- Also known as: Ayachan
- Born: 1 April 1993 (age 33)
- Origin: Aichi Prefecture, Japan
- Genres: J-pop
- Occupations: Idol; announcer; singer;
- Instruments: Vocals; Piano;
- Years active: 2010 – present
- Label: AKS
- Formerly of: SKE48

= Aya Shibata =

Aya Shibata (柴田 阿弥, Shibata Aya) is a former member of the Japanese idol girl group SKE48. She was a member of SKE48's Team E.

She started her career as an announcer after graduation from SKE48.

== Career ==
Shibata passed SKE48's 4th generation auditions in September 2010. Her audition song was "Stay with me" by Kaoru Amane. On December 6, 2010, she was selected to form Team E.

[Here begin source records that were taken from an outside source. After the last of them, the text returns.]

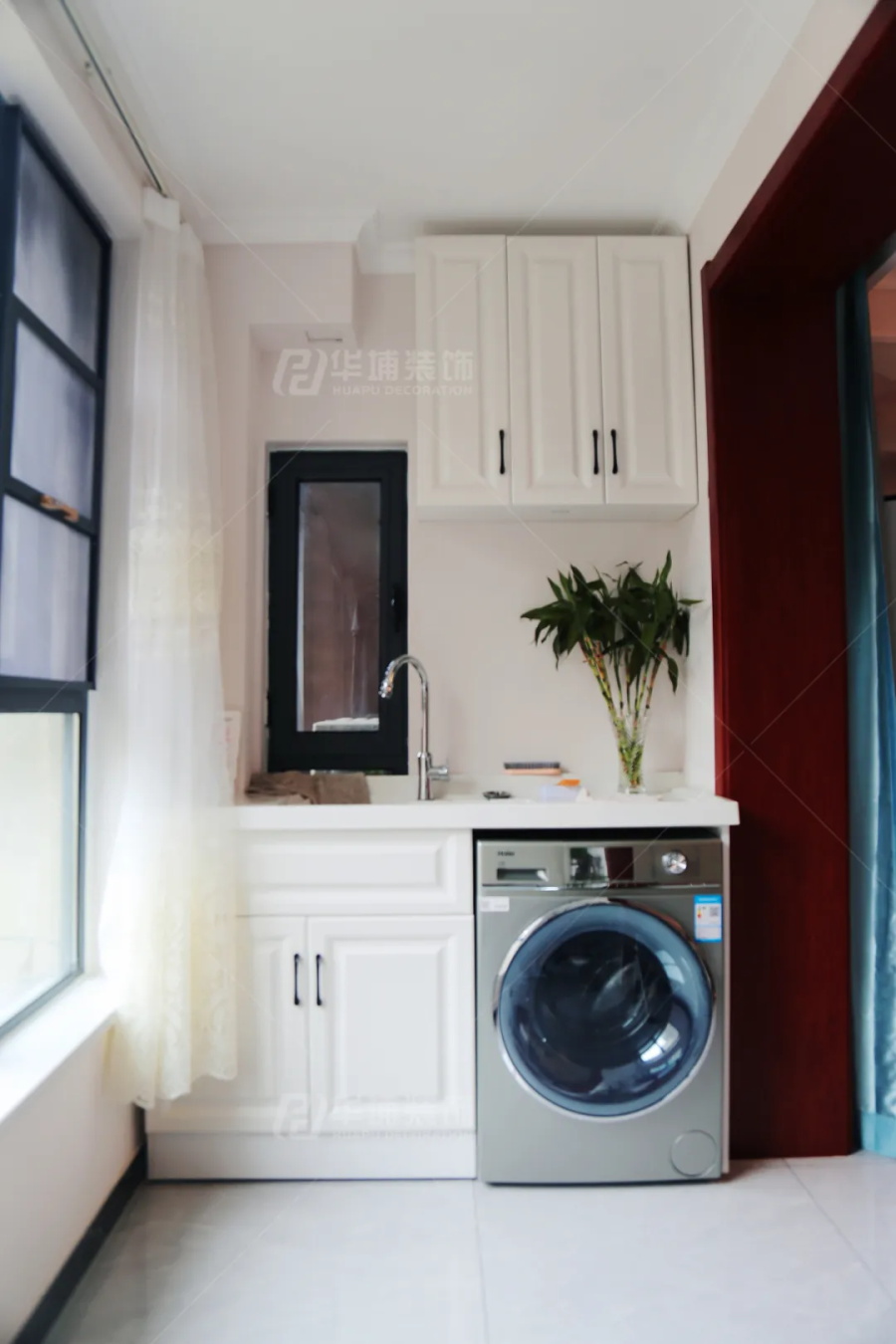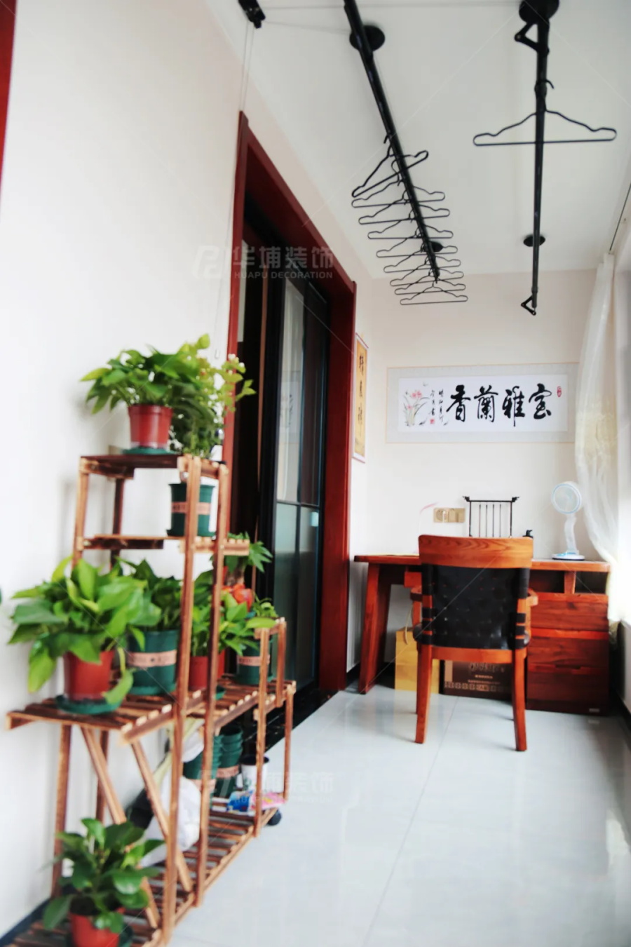 客廳陽臺是一個大通廊,兩頭分區(qū)。一側(cè)做書房,平時張叔叔練練書法,陶冶情操;另一側(cè)是洗衣房,李阿姨打點生活的場所。
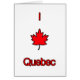 Een variatie op het I Heart thema. Het afbeelding gebruikt een Canadees esdoornblad in plaats van het normale hartsymbool. Dit ontwerp zegt: "Ik (Canadese esdoornblad) Quebec. De letters en het bladsymbool zijn rood met een zwarte rand of lijn. Dit is een geweldig cadeau voor iedereen die een trotse Canadees en Quebec is.
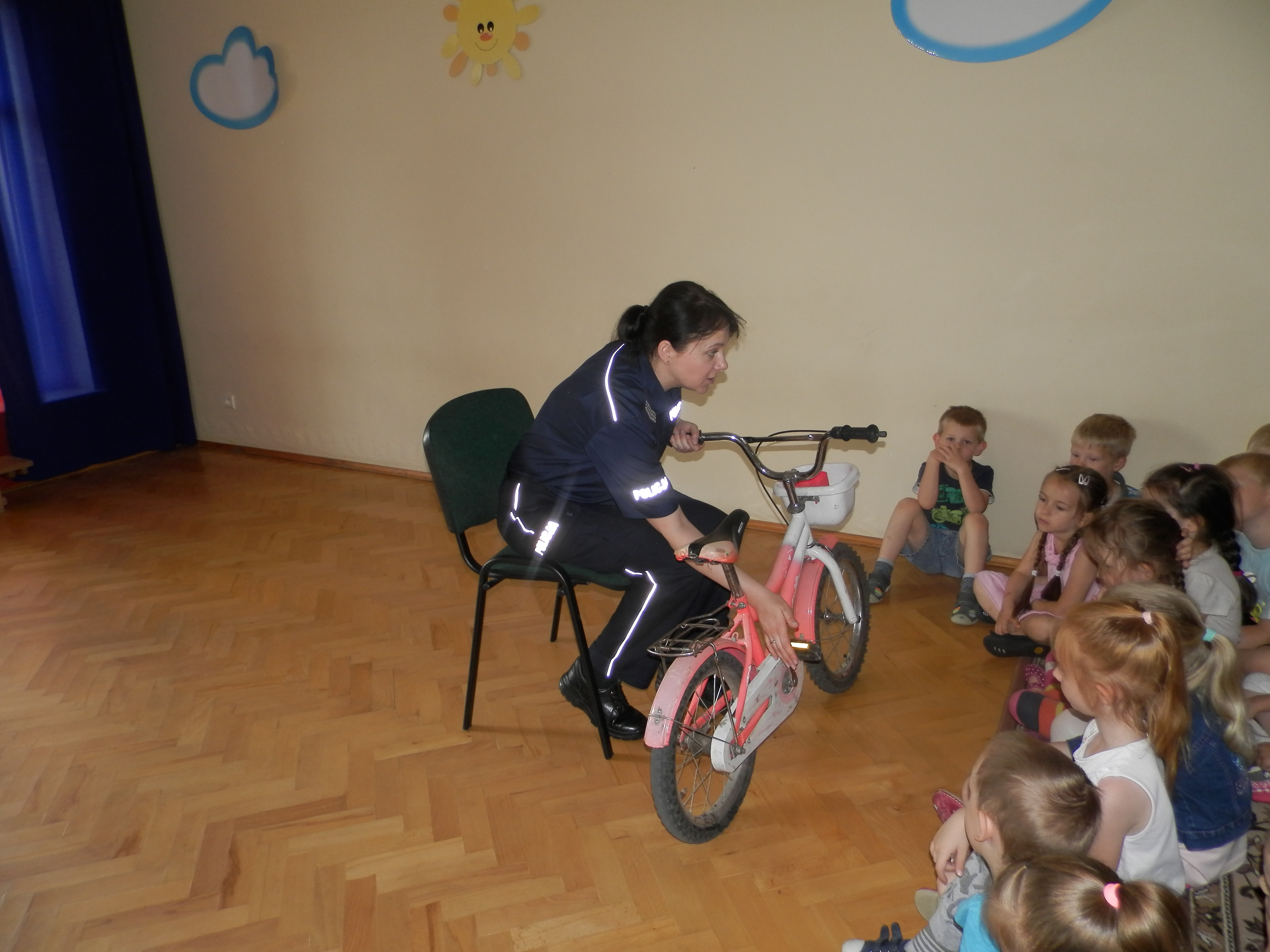 Podczas prelekcji policjantka rozmwaiał z przedszkolakami na temat bezpiecznego poruszania się po drodze, również rowerem, stosowaniem elementów odblaskowych i zapinaniem pasów bepzieczeństwa. Funkcjonariuszka prz...

She went on a hiatus from February 2011 to March 2011.

In April 2013, during SKE48's shuffle, Shibata was transferred to Team KII. Later in June 2013, she ranked for the first time in AKB48's general elections, placing 17th with 39-739 votes. Her first SKE48 Senbatsu was for the single "Sansei Kawaii!".

In February 2014, during the AKB48 Group Shuffle, it was announced she would be transferred back to Team E. In AKB48's 2014 general elections, she placed 15th with 39-264 votes.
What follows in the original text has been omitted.